There are some similarities between the new character, Nathan Pike, and his creator. Both are from working-class upbringings and had difficult lives. McNab was abandoned as a newborn baby and found on the steps of a London hospital in a Harrods carrier bag. He was fostered, and later adopted by his foster family.

Growing up on a south London council estate, he ended up committing petty crime, which landed him in juvenile detention. On release, he joined the Army, where he received an education and a flourishing career, during which he was awarded the DCM (Distinguished Conduct Medal) and Military Medal.

McNab is hoping the Nathan Pike series will continue, is planning to start his next novel in March, and would love his character to come to the screen, but isn’t holding his breath.

“I’ve had so many lunches with producers over the years, who talk about doing a film. That happens all the time. They say everything’s great, but it’s all waffle. What it boils down to, is how much it’s going to cost and who’s going to be in it.”

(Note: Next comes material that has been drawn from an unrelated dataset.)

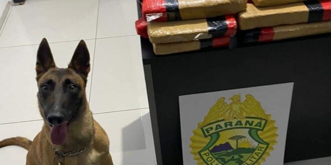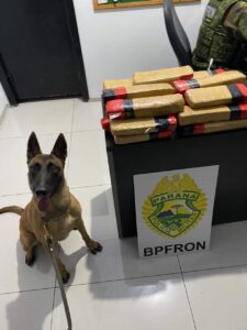 Durante buscas o cão de faro indicou para as bagagens de um adolescente de 16 anos. Na bagagem foram encontradas a quantia de 15 quilos de substância análoga a maconha.

He famously remains anonymous. You won’t see his face pictured in the media or on TV, unless he’s in the shadows or behind a book. He even says his Wikipedia entry as Steven Billy Mitchell is wrong.

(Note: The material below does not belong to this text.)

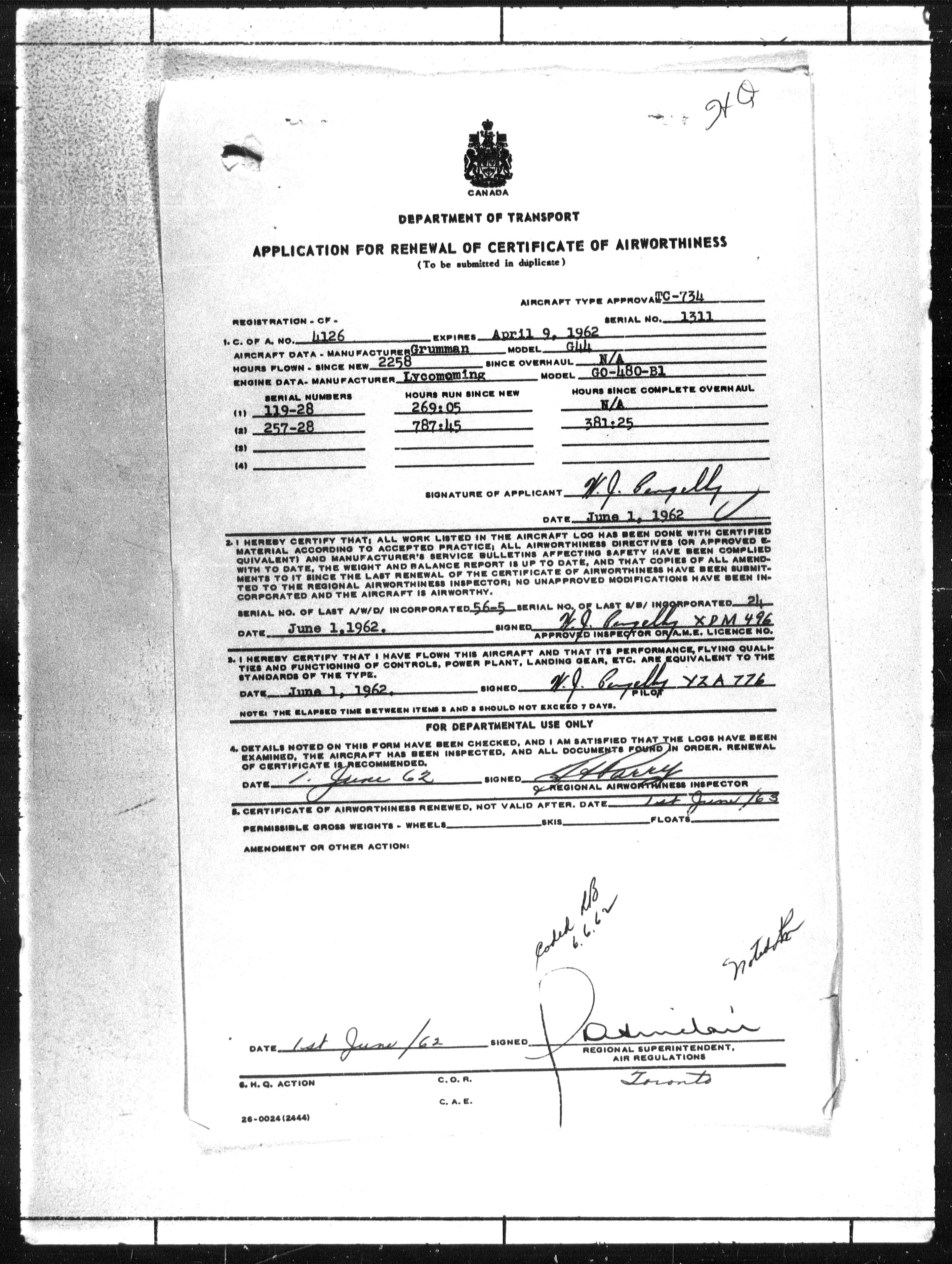Department of Transport : Civil aircraft registration, inspection and operation files, block 5008, 1920-1986 - 7780

“A couple of years ago, there were about seven of me on Twitter. But it’s not all cloak-and-dagger stuff.”

Undercover work in the SAS in Northern Ireland, during the height of the Troubles to get intelligence on provisional IRA members, made him a ‘high-value target’, he says.

Surely, after all this time, enemies will have faded away, but he says not, citing his last credible threat just before the pandemic. He also remains anonymous to protect the people he worked with, who remained in Northern Ireland.

“I’m just being sensible really, and I’ve a responsibility to my family, too.” McNab has been married for 20 years to his fifth wife and has a grown-up daughter (but remains vague on information about his relatives).

He and his wife live in Cornwall, where he surfs, keeps in touch with a few SAS buddies, and has taken up dry stone willing, offering himself up as a labourer to friends in the building trade.

He also has a production company and is currently working on a documentary about the Royal Military Academy at Sandhurst, alongside the Ministry of Defence.

“I don’t have goals – everything’s just a punt,” he insists. But he has surely learned that whatever new feat he tries, the SAS mantra ‘Who Dares Wins’ lives on.

Shadow State by Andy McNab is published by Welbeck, priced £16.99. Available now.